◆ The problem:
No pictures should appear in the copy. Reproduce exactly the lines from the one containing "④路上と入り口上に看板があります。ビルの3Fまでお越し下さい。" through the end of the material below.
◆ ◆ ◆ ◆ ◆
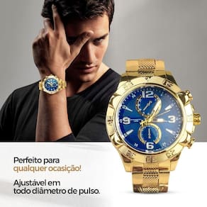 Confeccionado em aço inox de alta qualidade, com acabamento robusto, pesado e design grande. Mostrador azul (podendo ser enviado na cor preta, conforme disponibilidade). Detalhes internos do mostrador, como cronógrafos, designer dos números e aro, podem variar conforme a montagem do relógio no ato da compra. Prova d'água, adequado para uso diário em situações como respingos e chuva leve. Tampa traseira blindada com todos os detalhes de autenticidade.
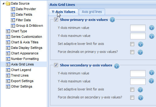 Setting minimum and maximum values for secondary Y-Axis You can specify the minimum and maximum values for the secondary Y-axis. By default, the minimum value for the secondary Y-Axis is zero and the maximum value is automatically calculated by the chart, based on the data provided.
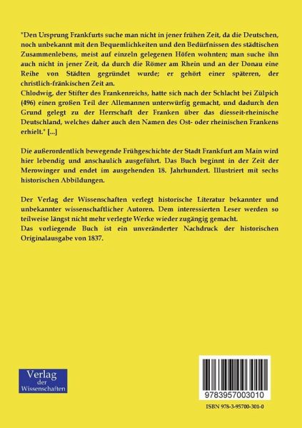 "Den Ursprung Frankfurts suche man nicht in jener frühen Zeit, da die Deutschen, noch unbekannt mit den Bequemlichkeiten und den Bedürfnissen des städtischen Zusammenlebens, meist auf einzeln gelegenen Höfen wohnten; man suche ihn auch nicht in jener Zeit, da durch die Römer am Rhein und an der Donau eine Reihe von Städten gegründet wurde; er gehört einer späteren, der christlich-fränkischen Zeit an.
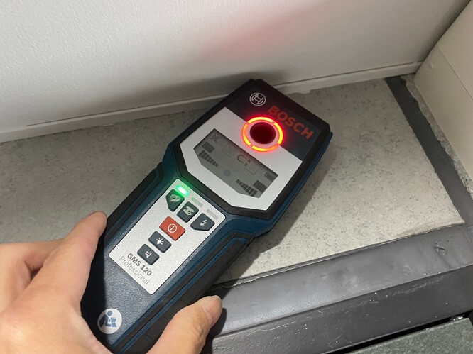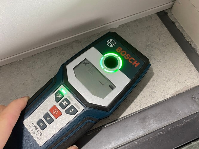 反対に青い表示である場合はそこには何もないということを教えてくれます。非常にシンプルです。ボッシュのスキャナーは非常に小さいので狭い場所を探索するときは強い味方となります。
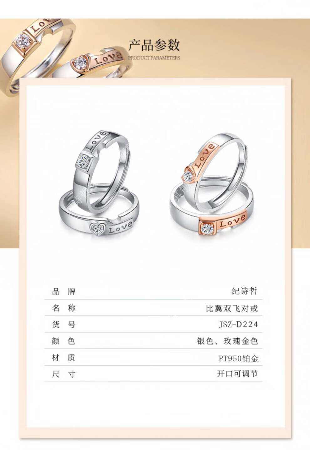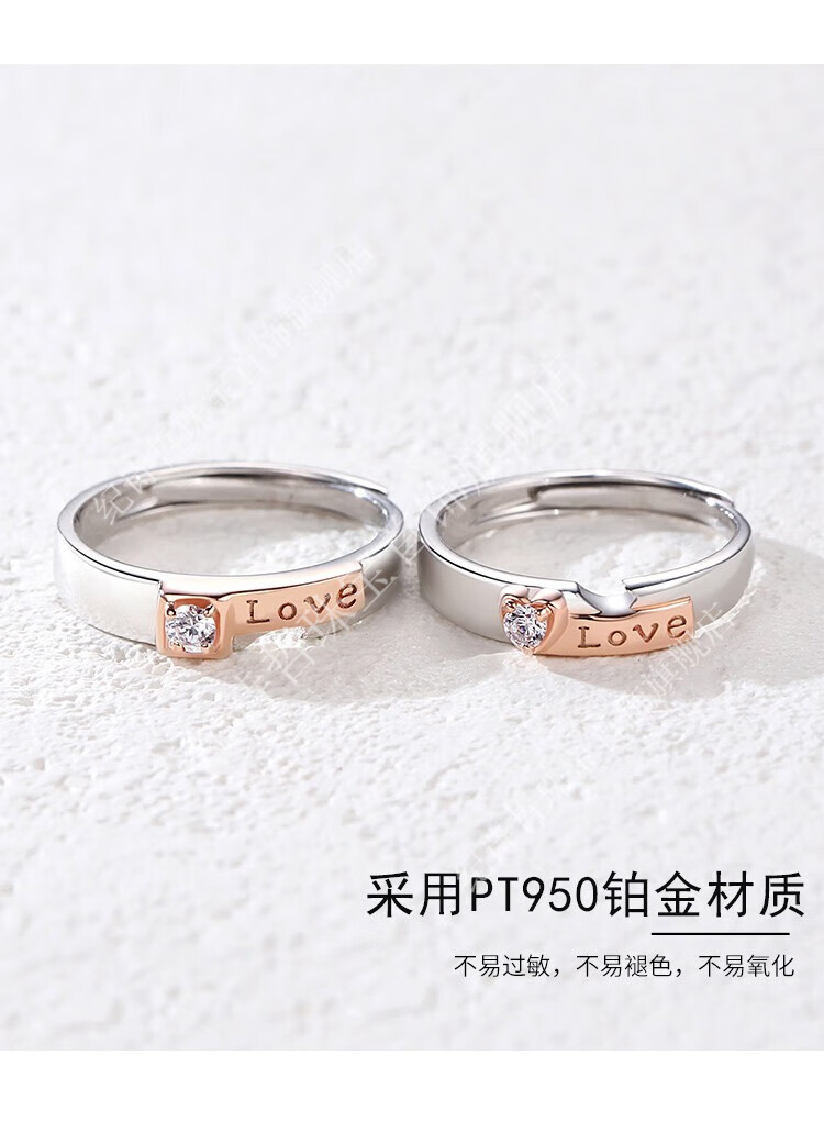 Ji Shizhe (GIEVSZHE) PT950 platinum love is stronger than gold, couple's ring, a female couple is getting married, a gift for girlfriend and wife on Valentine's Day, platinum is stronger than gold, couple's ring, white
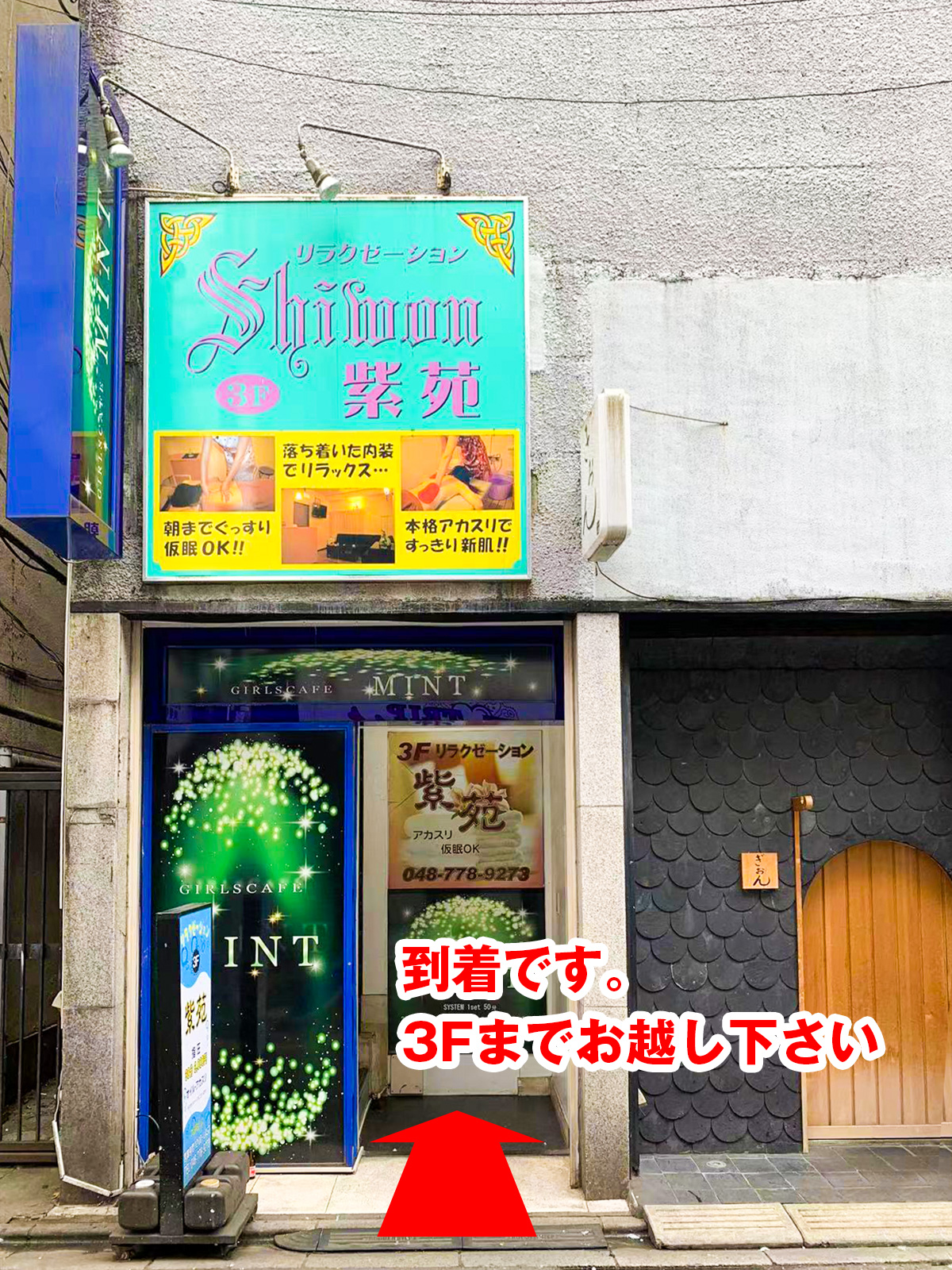 ④路上と入り口上に看板があります。ビルの3Fまでお越し下さい。
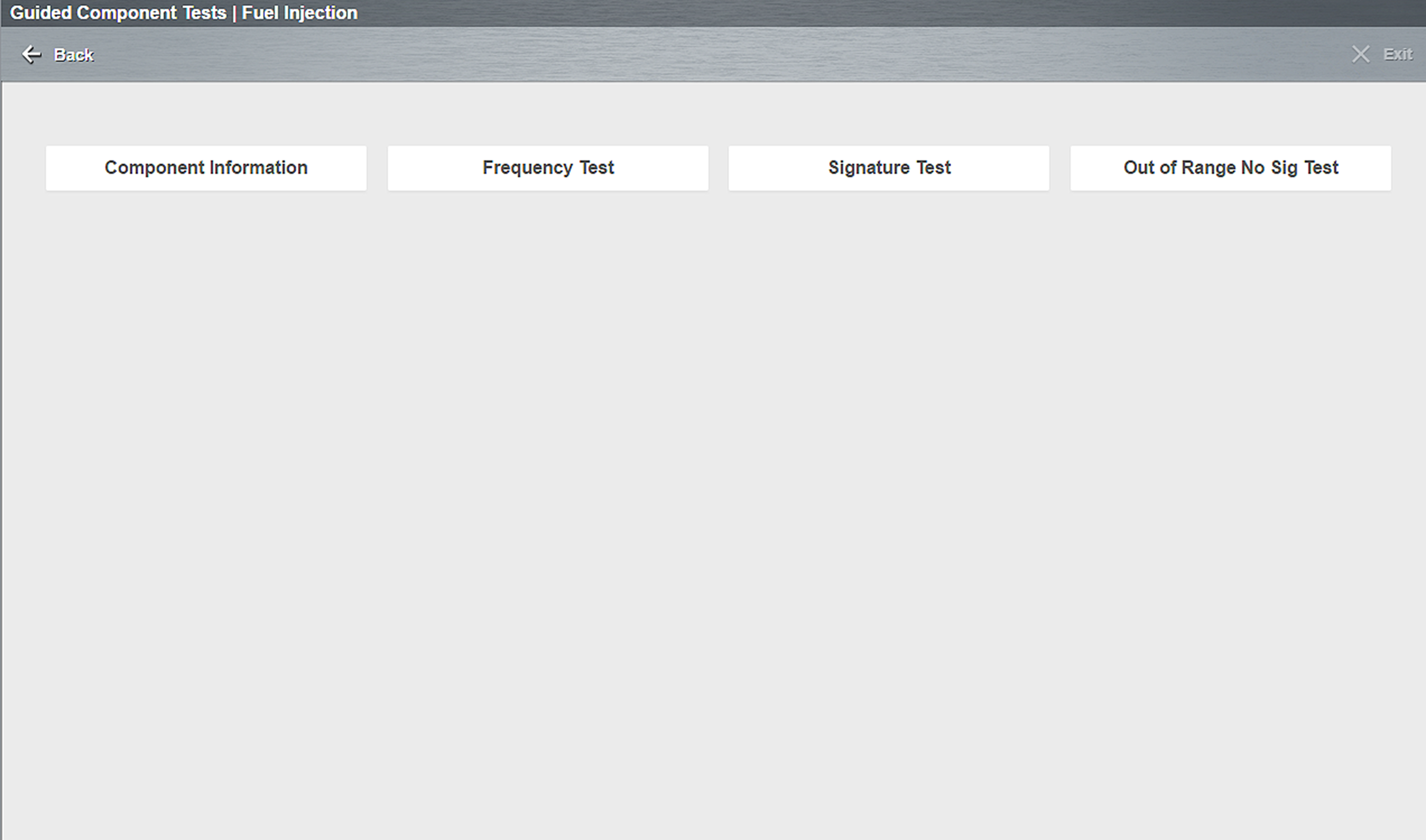 Selecting the Guided Component Tests card opens the Components Tests main menu , which displays a menu list of tests related to the troubleshooting of the selected codes.
◆ ◆ ◆ ◆ ◆
◆ Response:
 ④路上と入り口上に看板があります。ビルの3Fまでお越し下さい。
 Selecting the Guided Component Tests card opens the Components Tests main menu , which displays a menu list of tests related to the troubleshooting of the selected codes.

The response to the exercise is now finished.